How strongly are we to believe that races before our own were actually much larger than we are today, especially when supporting evidence has been wiped from textbooks? Another episode illustrates Smithsonian suppression of historical artifacts. The late naturalist and author Ivan T. Sanderson told of an incident during World War II on the Aleutian island of Shemya in which engineers building an airstrip uncovered the remains of gigantic humans. One cranium measured almost twenty-four inches from base to crown, compared to the normal eight inches. Oddly, all the skulls showed evidence of trepanning (poking holes in the skull with crude tools to release evil spirits). The remains were reportedly sent to the Smithsonian, which, despite the seeming importance of such a find, never released any further information. Sanderson asked, “Is it that these people cannot face rewriting all the textbooks?”

The Smithsonian has been involved in several other controversies over eyebrow-raising discoveries, such as the objects found in 1944 by German hardware merchant Waldemar Julsrud at Acámbaro, Mexico, located about 175 miles northwest of Mexico City. In 1923, Waldemar was a codiscoverer of an archaeological site first thought to be of the Tarascan culture. This discovery brought worldwide attention after it was found to actually be a whole new Indian culture—the Chupicauro civilization, which flourished in Mexico about a thousand years before the Tarascans.

Julsrud’s 1944 find consisted of more than thirty-three thousand ceramic and stone objects, including statues and obsidian knives. The amazing aspect of the statuary was the fact that the carvings depicted humans in association with large reptiles resembling dinosaurs. Along with other weird creatures, there were representations of Sumerian and Egyptian motifs, as well as bearded Caucasians, Africans, and Polynesians.
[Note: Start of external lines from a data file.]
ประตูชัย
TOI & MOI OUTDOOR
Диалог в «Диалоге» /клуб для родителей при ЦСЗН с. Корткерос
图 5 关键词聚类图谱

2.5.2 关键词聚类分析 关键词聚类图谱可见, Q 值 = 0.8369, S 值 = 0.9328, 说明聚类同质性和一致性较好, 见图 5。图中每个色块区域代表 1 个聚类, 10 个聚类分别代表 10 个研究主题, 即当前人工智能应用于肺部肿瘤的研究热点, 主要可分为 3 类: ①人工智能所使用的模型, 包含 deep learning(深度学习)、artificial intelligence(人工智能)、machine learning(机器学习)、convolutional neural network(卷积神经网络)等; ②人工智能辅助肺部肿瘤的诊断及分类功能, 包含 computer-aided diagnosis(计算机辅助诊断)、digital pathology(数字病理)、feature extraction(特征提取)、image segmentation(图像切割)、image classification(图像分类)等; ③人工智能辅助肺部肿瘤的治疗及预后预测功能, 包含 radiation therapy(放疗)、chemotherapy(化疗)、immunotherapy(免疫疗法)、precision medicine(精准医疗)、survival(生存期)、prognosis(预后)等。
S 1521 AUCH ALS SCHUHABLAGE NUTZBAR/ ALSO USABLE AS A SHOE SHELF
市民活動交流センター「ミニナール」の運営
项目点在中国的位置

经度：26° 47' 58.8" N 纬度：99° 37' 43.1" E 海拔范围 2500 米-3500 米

Although radiocarbon and thermoluminescence testing indicated that the objects could be dated as far back as 6,500 years, Smithsonian officials quickly proclaimed the entire episode a hoax. In recent years, when researcher John H. Tierney filed a Freedom of Information Act request, it was learned that all of the Julsrud case files at the Smithsonian were missing.

Dennis Swift, on his website Dinosaursandman.com, has written of visiting Acámbaro. He noted, “Waldemar, in print [his book was published in 1947], theorized that the colossal collection of ceramic and stone artifacts had been buried by a people who had experienced catastrophes. He conjectured that there had been a period of catastrophes that had changed the face of the earth, and that there must have been ancient civilizations wiped out by the catastrophes. His most radical suggestion that clashed violently with scientists was that man had existed contemporaneously with the dinosaurs. Although there was sound evidence that Julsrud was on to something of major scientific importance, he was ridiculed by the authorities when his book was published.”
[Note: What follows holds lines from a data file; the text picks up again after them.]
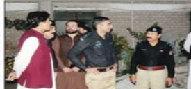
پشاور کی آفریہ کے کلب کی بنیاد پونے دو سال بعد خراب بنی تھی۔

پشاور کی آفریہ کے کلب کی بنیاد پونے دو سال بعد خراب بنی تھی۔ اس کی وجہ سے کلب کے اراکین نے شدید غم و غصہ کا اظہار کیا۔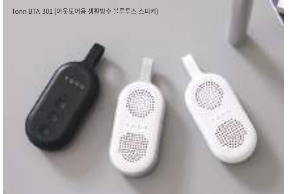
Tonn BTA-301 (아웃도어용 생활방수 블루투스 스피커)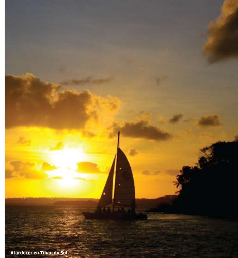
Atardecer en Tibau do Sul.

Por el mar o caminando se puede llegar a la Baía dos Golfinhos, el hogar de los mamíferos tipo Flipper de la playa do Madero. Una enorme escalera de más de 200 peldaños une la playa con la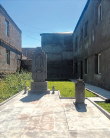
Նկ. 5. Ջոհված երկրապահների հիշարակին նվիրված խաչքար ու հուշաղբյուր, ք. Սիսիան, Սյունիք, 2023 թ.: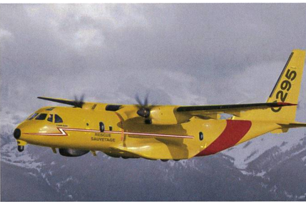
CC-295 für die kanadischen Such- und Rettungskräfte.

Die Royal Canadian Air Force hat in Sevilla ihre erste Airbus C295 in Empfang genommen. Bis 2022 sollen 16 Maschinen ausgeliefert sein, die die Bezeichnung CC-295 erhalten. Ab dann läuft auch der Wartungs- und Supportvertrags für das Flugzeug mit Airbus, der mit Optionen bis 2042 laufen kann. Das neue Such- und Rettungsflugzeug übernimmt die Aufgaben von sechs CC-115 Buffalo und zwölf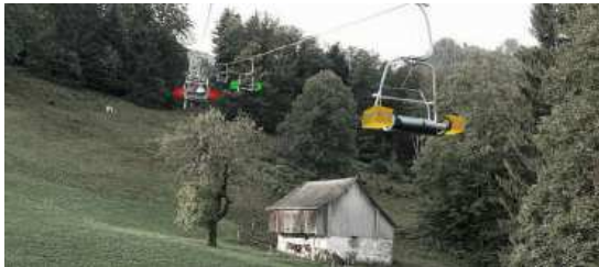
Modulares-Kistensystem zur Bestückung der Sesselbahn (Freizeit, Denkzeit) in Filzbach

In 1955, Charles Hapgood, then professor of history and anthropology at Keene State College of the University of New Hampshire and author of
Earth’s Shifting Crust
and
Maps of the Ancient Sea Kings
, spent several months in Acámbaro studying the Julsrud collection. To eliminate the possibility the collection was merely a modern hoax, Hapgood located a house that had been built at the same location in 1930.

According to Dennis Swift, “They found a house directly over the site owned by the Chief of Police and asked permission to dig beneath the floor of his house. Permission was granted, and they dug a six-foot-deep pit beneath the hard concrete floor of the living room, unearthing dozens of the controversial objects. Since the house had been built twenty-five years previously, it exonerated Julsrud, eliminated the hoax theory, and negated [two reports alleging fakery] at all the important points.”
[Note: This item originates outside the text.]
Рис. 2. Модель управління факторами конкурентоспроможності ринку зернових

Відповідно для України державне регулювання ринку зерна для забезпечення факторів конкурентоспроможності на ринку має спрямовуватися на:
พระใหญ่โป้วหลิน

One enduring mystery—or conspiracy—stems from reports of the discovery of ancient Egyptian artifacts in the north end of the Grand Canyon at the beginning of the last century. According to a front-page article in the
Phoenix Gazette
of April 5, 1909, an expedition funded by the Smithsonian Institution had begun work following the discovery of a “great underground citadel” in a cave “some 42 miles up the [Colorado] river from the El Tovar Crystal canyon.”